╭──
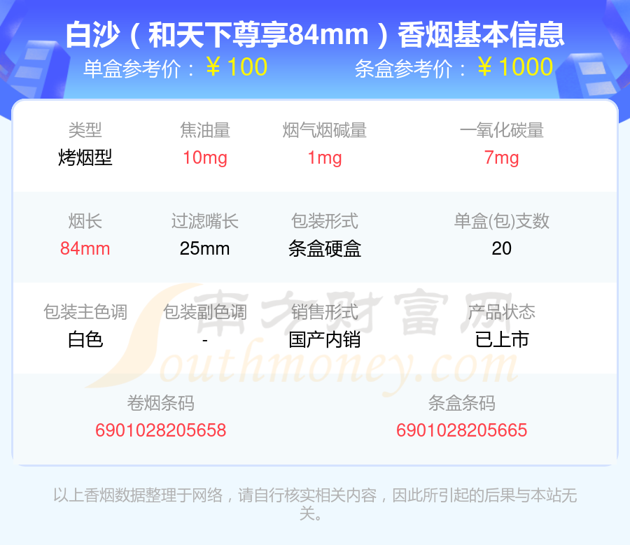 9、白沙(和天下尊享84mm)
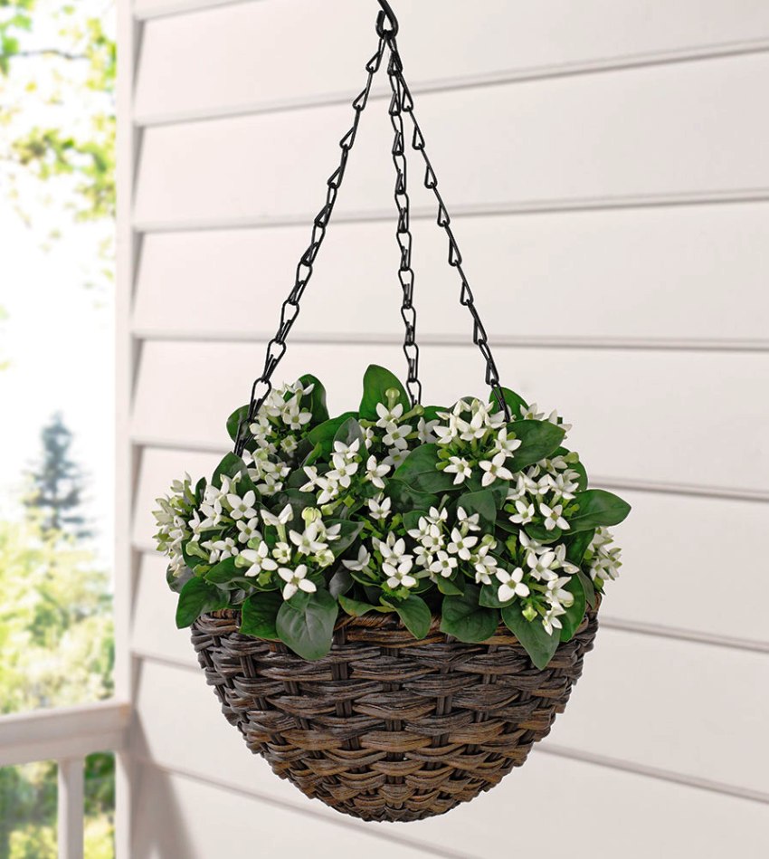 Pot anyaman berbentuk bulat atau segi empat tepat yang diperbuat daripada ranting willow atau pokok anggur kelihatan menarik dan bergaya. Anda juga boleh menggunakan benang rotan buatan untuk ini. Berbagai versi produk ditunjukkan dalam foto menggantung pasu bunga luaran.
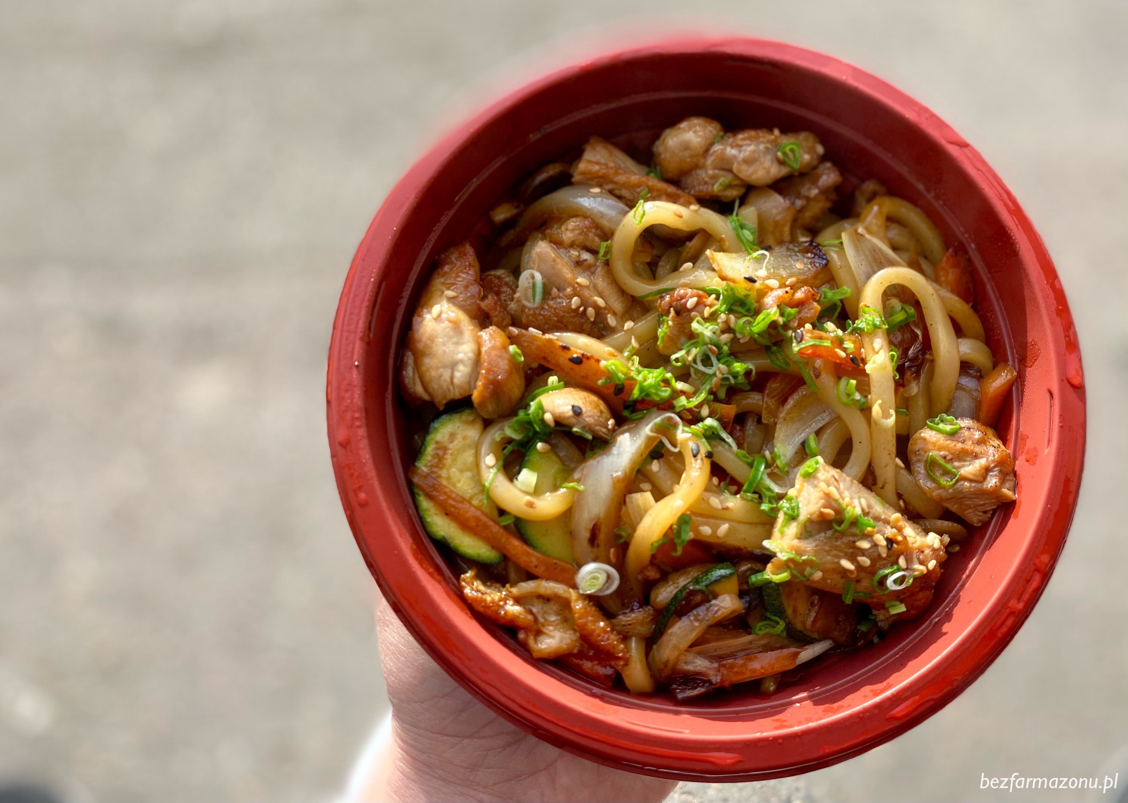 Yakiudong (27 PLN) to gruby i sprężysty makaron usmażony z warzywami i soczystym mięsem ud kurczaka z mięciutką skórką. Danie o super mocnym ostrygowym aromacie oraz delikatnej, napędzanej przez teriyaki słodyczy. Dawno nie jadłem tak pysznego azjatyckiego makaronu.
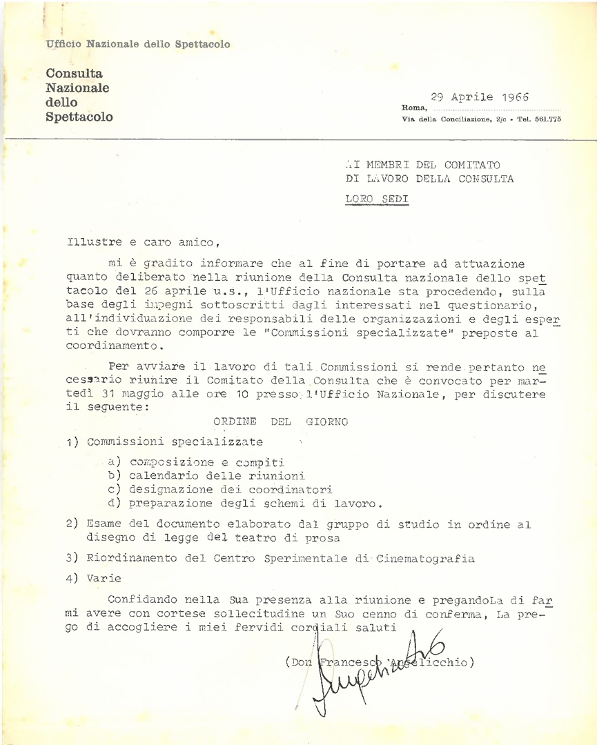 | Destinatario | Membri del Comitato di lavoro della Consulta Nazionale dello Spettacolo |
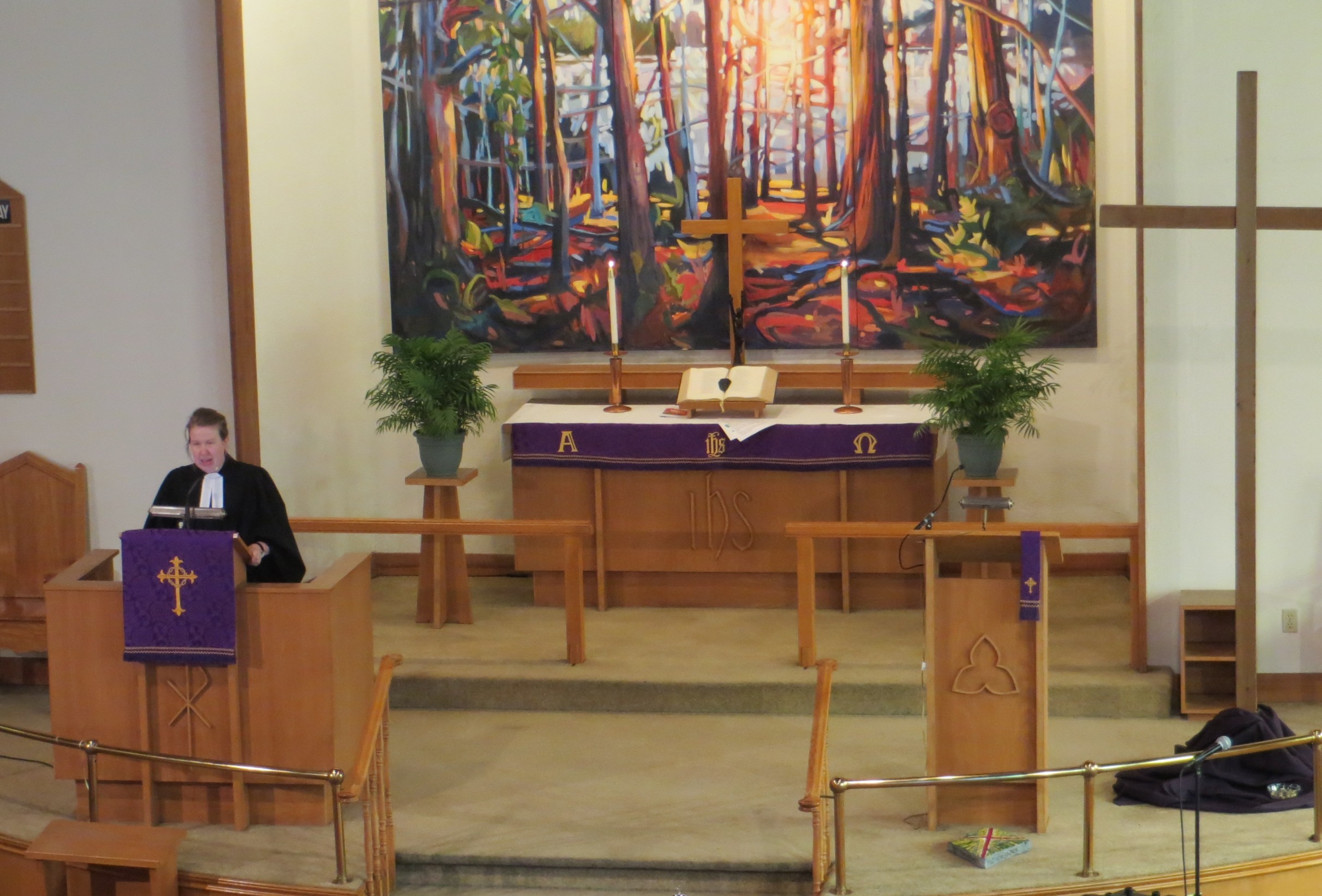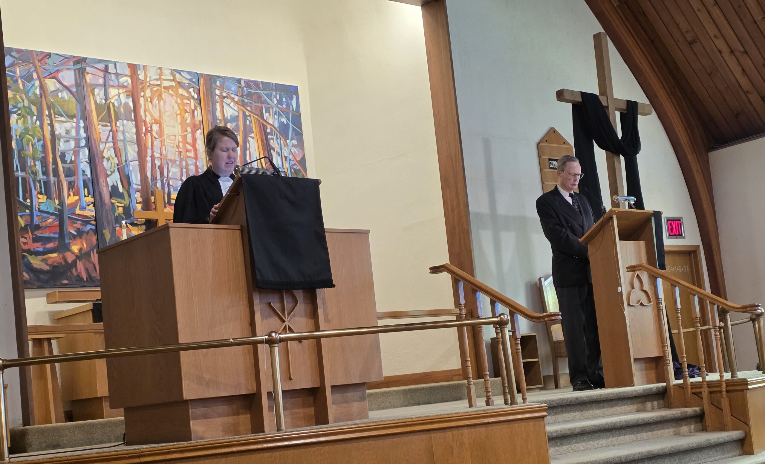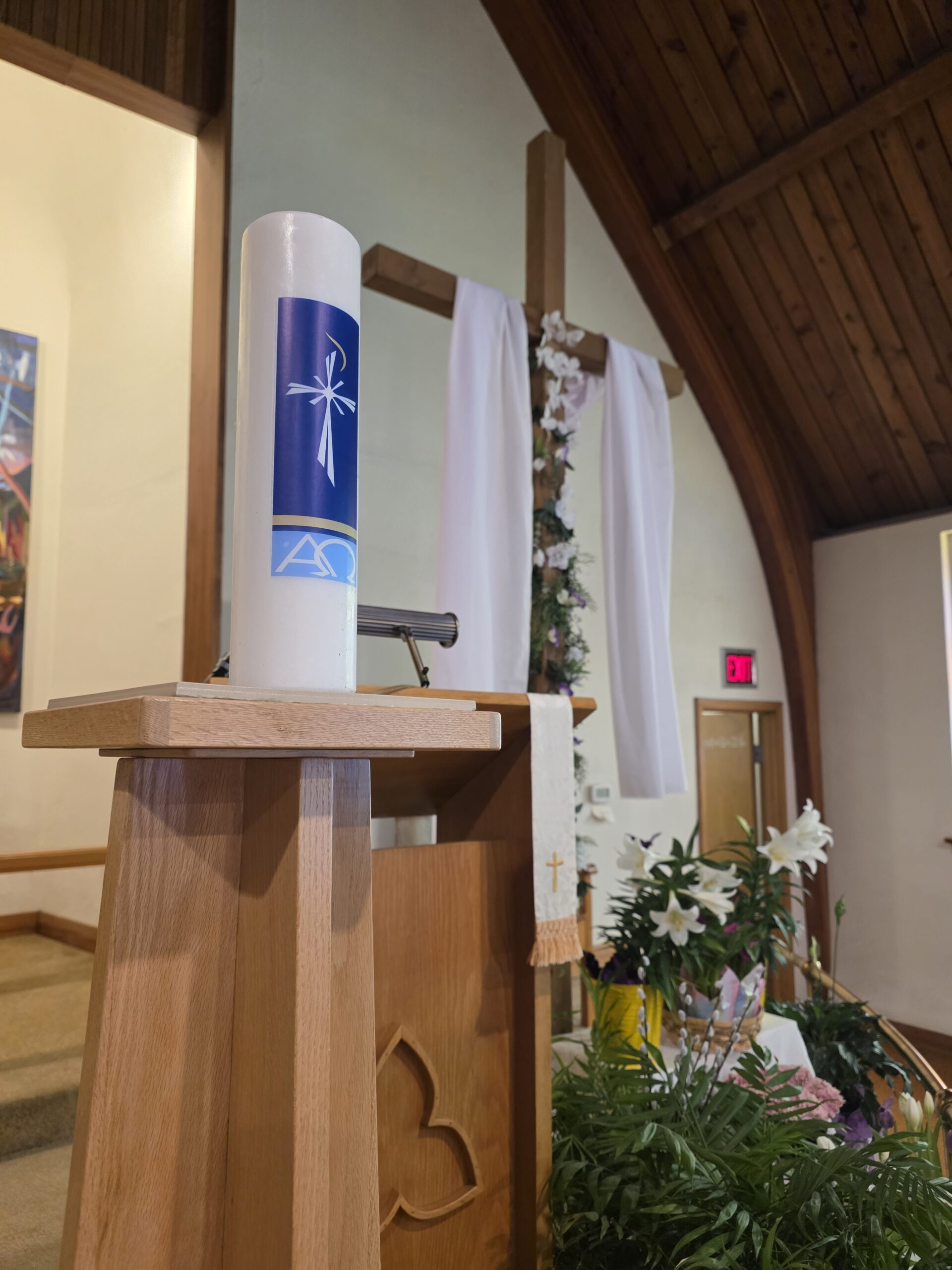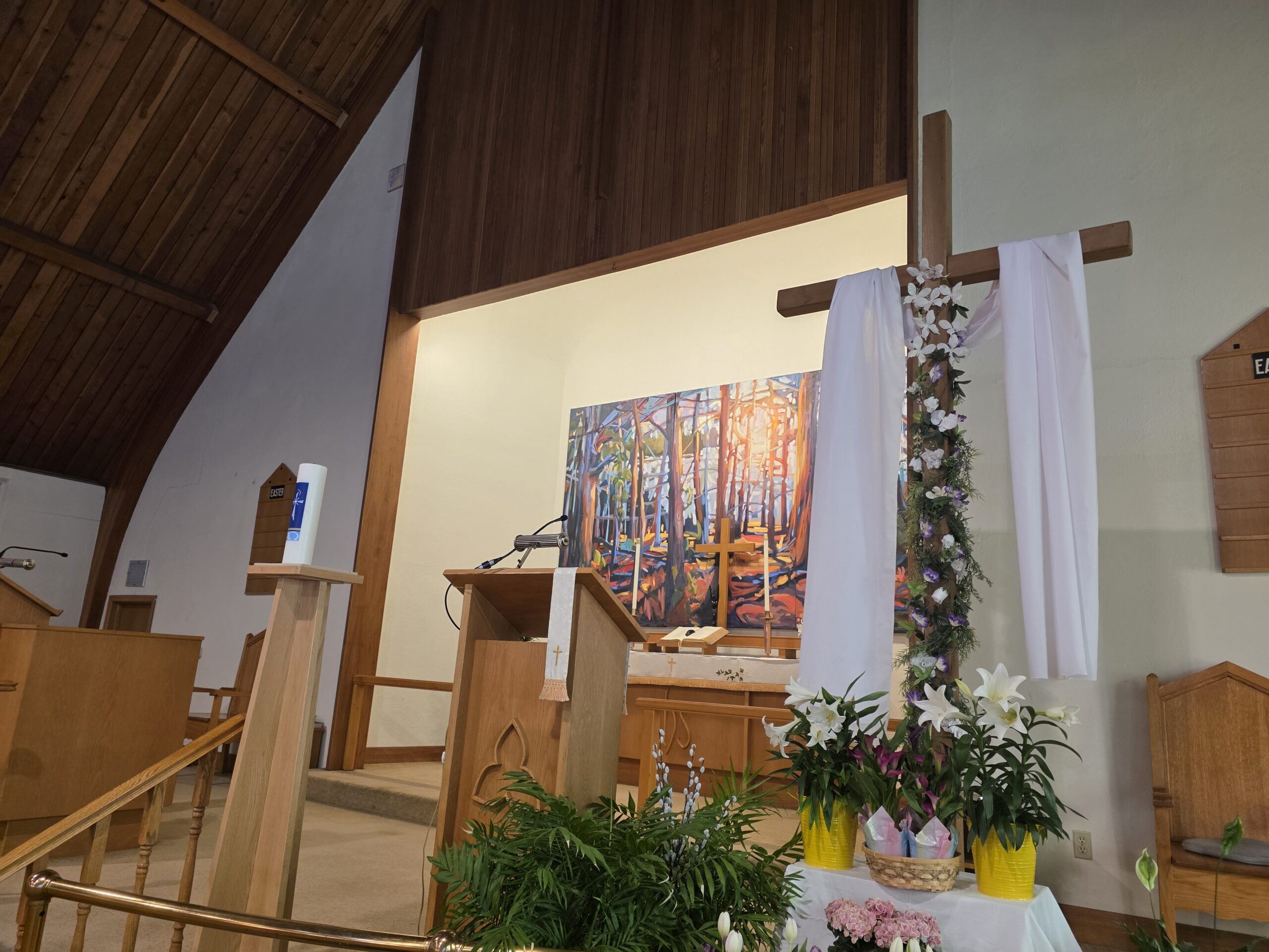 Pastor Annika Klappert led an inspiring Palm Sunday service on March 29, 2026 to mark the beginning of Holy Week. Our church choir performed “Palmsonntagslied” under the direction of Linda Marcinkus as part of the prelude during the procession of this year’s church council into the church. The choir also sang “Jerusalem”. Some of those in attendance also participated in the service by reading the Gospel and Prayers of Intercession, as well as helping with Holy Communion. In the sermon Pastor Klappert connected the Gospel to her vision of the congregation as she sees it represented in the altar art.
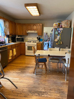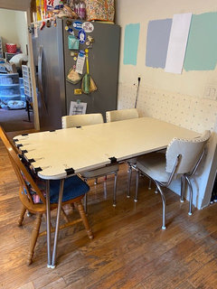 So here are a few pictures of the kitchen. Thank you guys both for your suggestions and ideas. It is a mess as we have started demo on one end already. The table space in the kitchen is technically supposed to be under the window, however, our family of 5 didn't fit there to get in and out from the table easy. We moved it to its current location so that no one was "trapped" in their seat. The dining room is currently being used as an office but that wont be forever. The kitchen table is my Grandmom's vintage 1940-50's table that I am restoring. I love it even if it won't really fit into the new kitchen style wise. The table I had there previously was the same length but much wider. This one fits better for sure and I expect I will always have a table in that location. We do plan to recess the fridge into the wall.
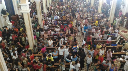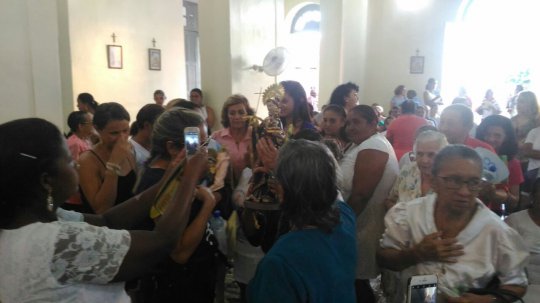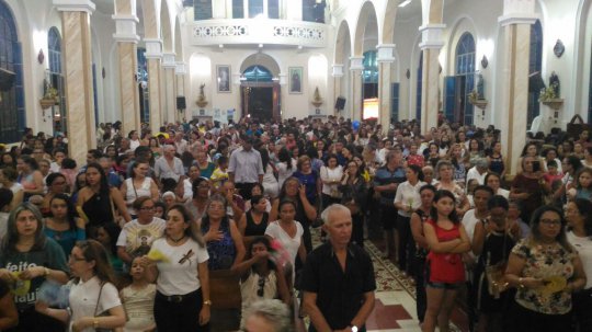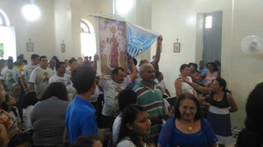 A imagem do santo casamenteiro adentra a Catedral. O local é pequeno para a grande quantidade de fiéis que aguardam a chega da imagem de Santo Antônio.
╰──
Repeat exactly the lines from the first line of the records above through the line containing "Pastor Annika Klappert", leaving out the pictures.

Response to this task
 9、白沙(和天下尊享84mm)
 Pot anyaman berbentuk bulat atau segi empat tepat yang diperbuat daripada ranting willow atau pokok anggur kelihatan menarik dan bergaya. Anda juga boleh menggunakan benang rotan buatan untuk ini. Berbagai versi produk ditunjukkan dalam foto menggantung pasu bunga luaran.
 Yakiudong (27 PLN) to gruby i sprężysty makaron usmażony z warzywami i soczystym mięsem ud kurczaka z mięciutką skórką. Danie o super mocnym ostrygowym aromacie oraz delikatnej, napędzanej przez teriyaki słodyczy. Dawno nie jadłem tak pysznego azjatyckiego makaronu.
 | Destinatario | Membri del Comitato di lavoro della Consulta Nazionale dello Spettacolo |
 Pastor Annika Klappert led an inspiring Palm Sunday service on March 29, 2026 to mark the beginning of Holy Week. Our church choir performed “Palmsonntagslied” under the direction of Linda Marcinkus as part of the prelude during the procession of this year’s church council into the church. The choir also sang “Jerusalem”. Some of those in attendance also participated in the service by reading the Gospel and Prayers of Intercession, as well as helping with Holy Communion. In the sermon Pastor Klappert connected the Gospel to her vision of the congregation as she sees it represented in the altar art.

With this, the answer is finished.